▶ [Data provided]:
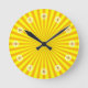 Um relógio alegre num simples padrão de "sol rebentado" de amarelo brilhante e escuro.
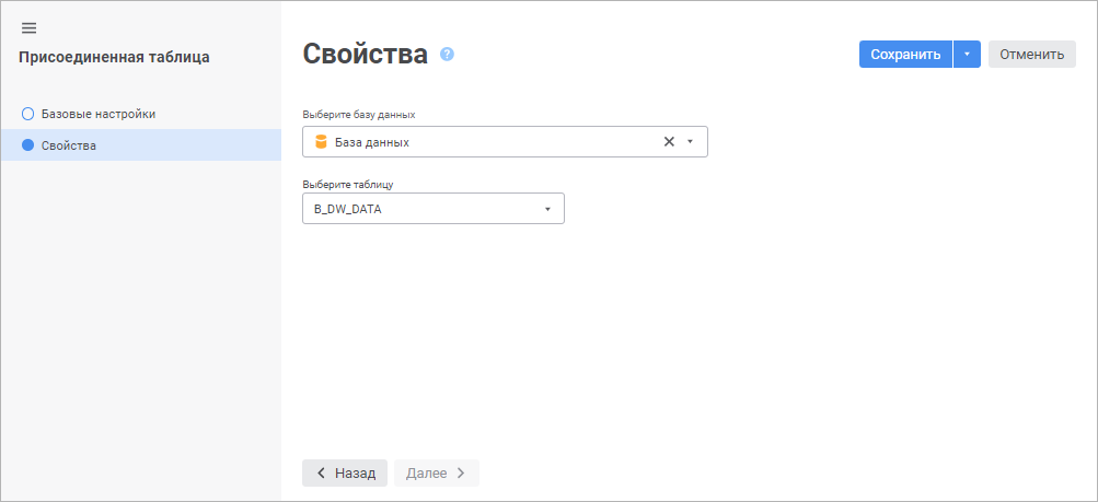 На странице «Свойства/Выбор базы данных» укажите базу данных, содержащую таблицы, на основе которых требуется создать новые присоединенные таблицы репозитория.
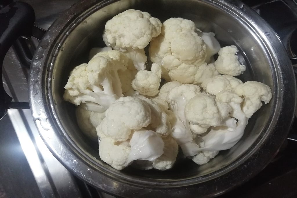 • Limpiamos la coliflor, cortamos las floretes y las ponemos a cocer en una olla con agua.

▶ [Action item]:
Print the listing exactly, minus any pictures.

▶ [Task answer]:
 Um relógio alegre num simples padrão de "sol rebentado" de amarelo brilhante e escuro.
 На странице «Свойства/Выбор базы данных» укажите базу данных, содержащую таблицы, на основе которых требуется создать новые присоединенные таблицы репозитория.
 • Limpiamos la coliflor, cortamos las floretes y las ponemos a cocer en una olla con agua.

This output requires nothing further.